Try it: Beginning with the line below that contains "Panoramic UHD view" and ending with the line that contains "Purple Wave is", retype every line exactly. Pictures are not copied.

=== Material for this exercise ===

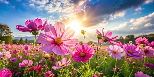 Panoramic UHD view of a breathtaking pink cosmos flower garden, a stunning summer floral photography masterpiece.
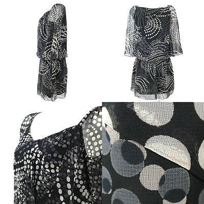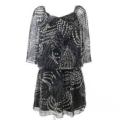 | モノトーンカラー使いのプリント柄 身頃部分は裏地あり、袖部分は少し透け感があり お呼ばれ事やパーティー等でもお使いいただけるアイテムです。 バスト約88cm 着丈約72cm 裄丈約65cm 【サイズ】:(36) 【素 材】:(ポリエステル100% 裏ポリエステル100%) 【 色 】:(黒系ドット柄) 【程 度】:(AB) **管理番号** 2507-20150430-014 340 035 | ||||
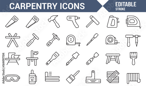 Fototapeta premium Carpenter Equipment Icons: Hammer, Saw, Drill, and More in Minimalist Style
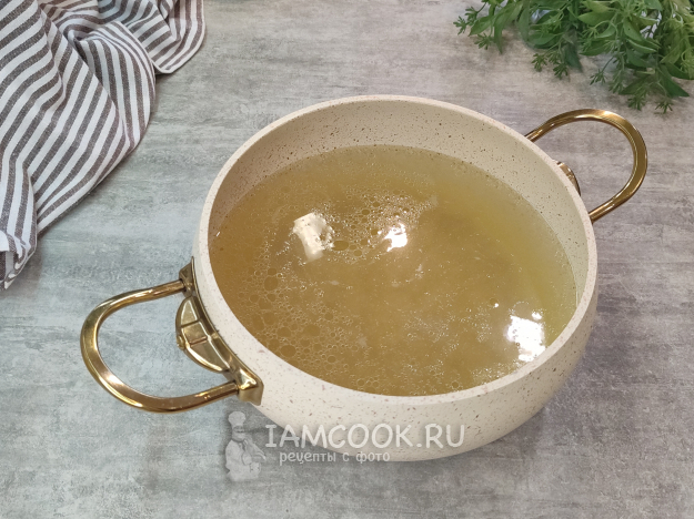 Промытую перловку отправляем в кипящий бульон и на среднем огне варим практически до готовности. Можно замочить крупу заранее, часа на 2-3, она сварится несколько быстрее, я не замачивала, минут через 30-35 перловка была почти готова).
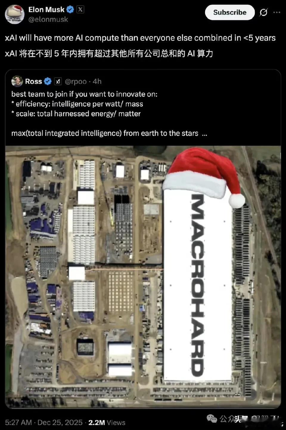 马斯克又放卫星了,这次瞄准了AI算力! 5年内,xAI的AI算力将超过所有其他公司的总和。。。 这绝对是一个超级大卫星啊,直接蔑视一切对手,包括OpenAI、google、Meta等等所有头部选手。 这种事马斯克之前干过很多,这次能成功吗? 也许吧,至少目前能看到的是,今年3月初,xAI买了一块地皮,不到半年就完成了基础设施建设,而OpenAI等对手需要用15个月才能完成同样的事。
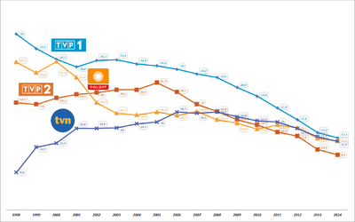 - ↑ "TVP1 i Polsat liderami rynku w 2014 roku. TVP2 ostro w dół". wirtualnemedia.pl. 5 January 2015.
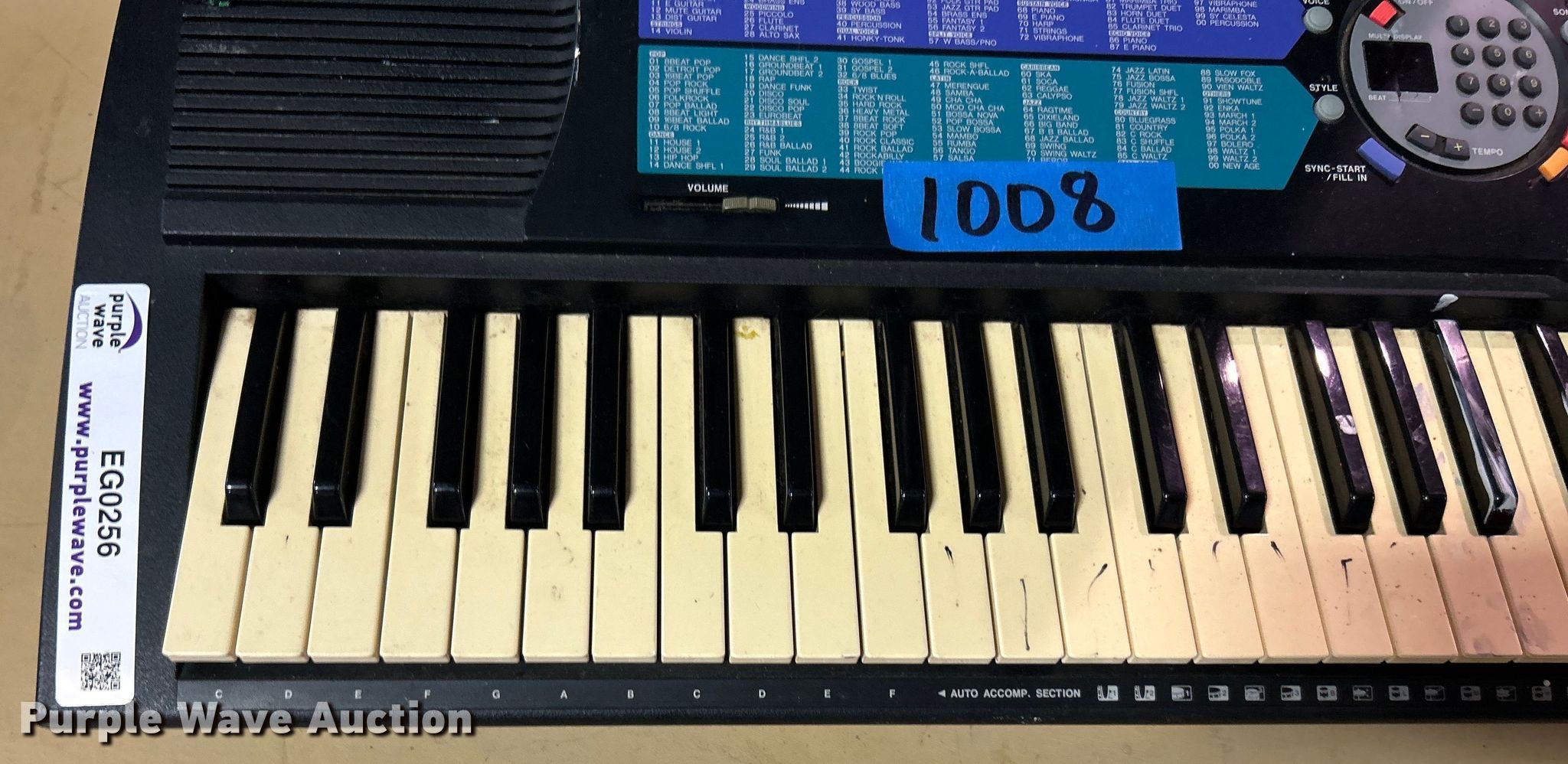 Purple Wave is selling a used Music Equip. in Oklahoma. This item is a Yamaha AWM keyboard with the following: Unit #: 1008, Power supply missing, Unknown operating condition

===
=== Material for this exercise ===

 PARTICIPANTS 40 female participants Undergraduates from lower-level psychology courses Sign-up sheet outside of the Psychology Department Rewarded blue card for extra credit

===
=== Material for this exercise ===

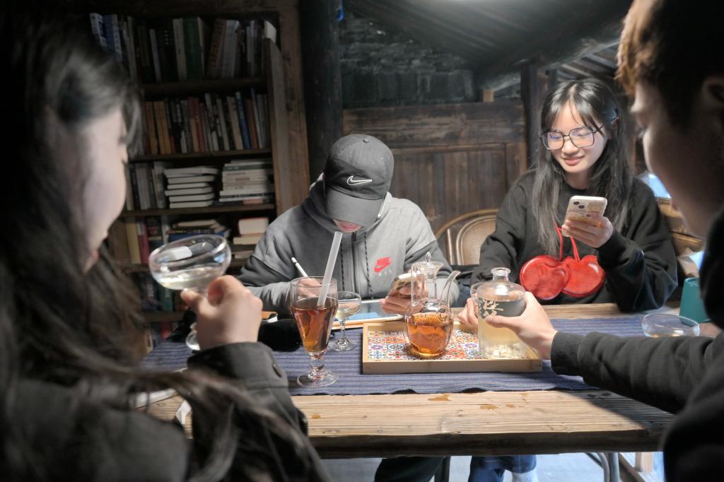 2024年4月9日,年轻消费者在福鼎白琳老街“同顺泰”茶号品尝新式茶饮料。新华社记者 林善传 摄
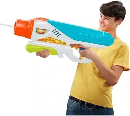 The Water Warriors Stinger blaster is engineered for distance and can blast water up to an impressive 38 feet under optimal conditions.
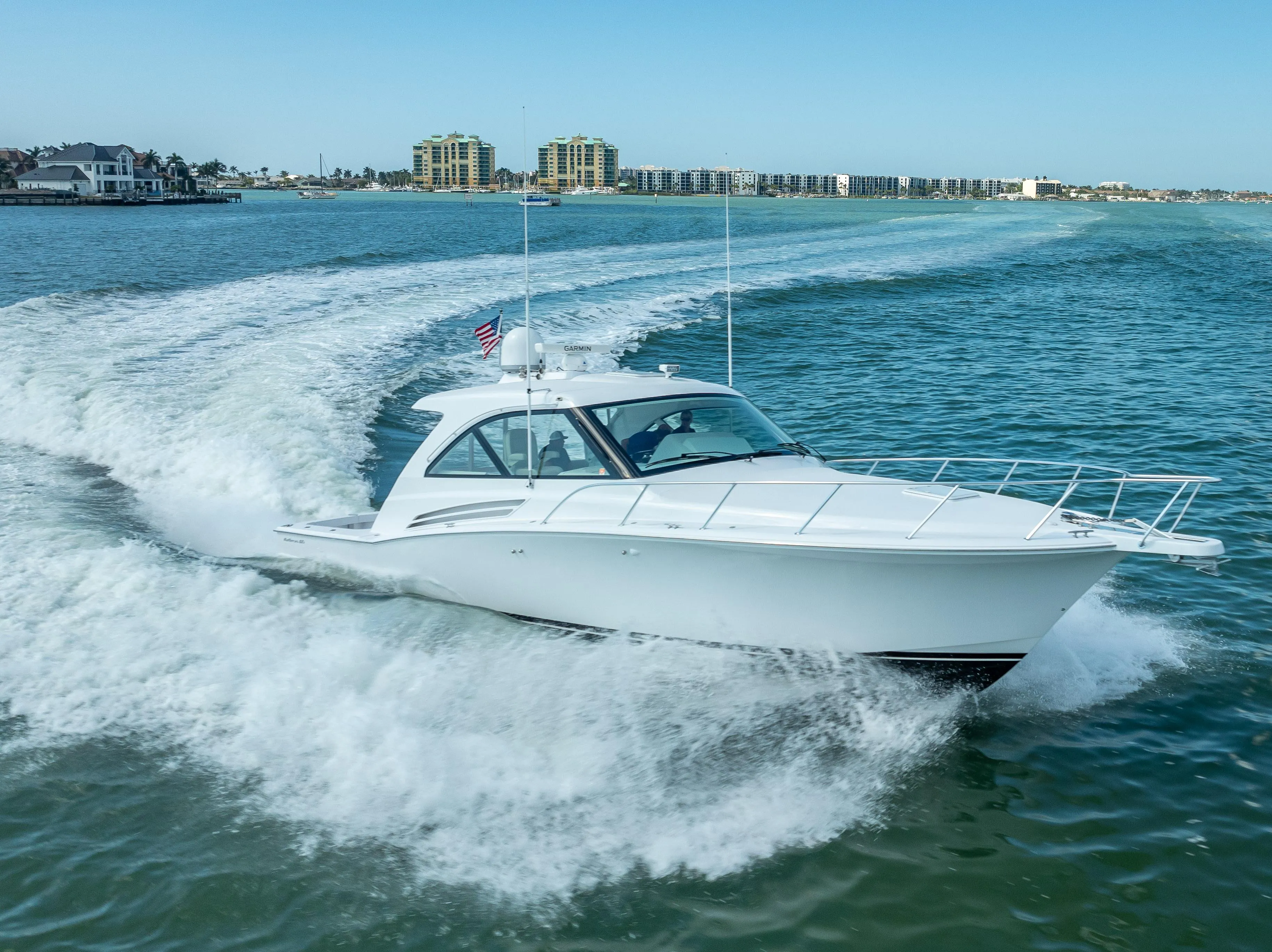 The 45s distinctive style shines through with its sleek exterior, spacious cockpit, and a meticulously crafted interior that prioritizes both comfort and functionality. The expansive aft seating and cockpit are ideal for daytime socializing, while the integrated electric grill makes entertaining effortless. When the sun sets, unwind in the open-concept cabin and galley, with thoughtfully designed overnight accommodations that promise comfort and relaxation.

===

Task response:
 Panoramic UHD view of a breathtaking pink cosmos flower garden, a stunning summer floral photography masterpiece.
 | モノトーンカラー使いのプリント柄 身頃部分は裏地あり、袖部分は少し透け感があり お呼ばれ事やパーティー等でもお使いいただけるアイテムです。 バスト約88cm 着丈約72cm 裄丈約65cm 【サイズ】:(36) 【素 材】:(ポリエステル100% 裏ポリエステル100%) 【 色 】:(黒系ドット柄) 【程 度】:(AB) **管理番号** 2507-20150430-014 340 035 | ||||
 Fototapeta premium Carpenter Equipment Icons: Hammer, Saw, Drill, and More in Minimalist Style
 Промытую перловку отправляем в кипящий бульон и на среднем огне варим практически до готовности. Можно замочить крупу заранее, часа на 2-3, она сварится несколько быстрее, я не замачивала, минут через 30-35 перловка была почти готова).
 马斯克又放卫星了,这次瞄准了AI算力! 5年内,xAI的AI算力将超过所有其他公司的总和。。。 这绝对是一个超级大卫星啊,直接蔑视一切对手,包括OpenAI、google、Meta等等所有头部选手。 这种事马斯克之前干过很多,这次能成功吗? 也许吧,至少目前能看到的是,今年3月初,xAI买了一块地皮,不到半年就完成了基础设施建设,而OpenAI等对手需要用15个月才能完成同样的事。
 - ↑ "TVP1 i Polsat liderami rynku w 2014 roku. TVP2 ostro w dół". wirtualnemedia.pl. 5 January 2015.
 Purple Wave is selling a used Music Equip. in Oklahoma. This item is a Yamaha AWM keyboard with the following: Unit #: 1008, Power supply missing, Unknown operating condition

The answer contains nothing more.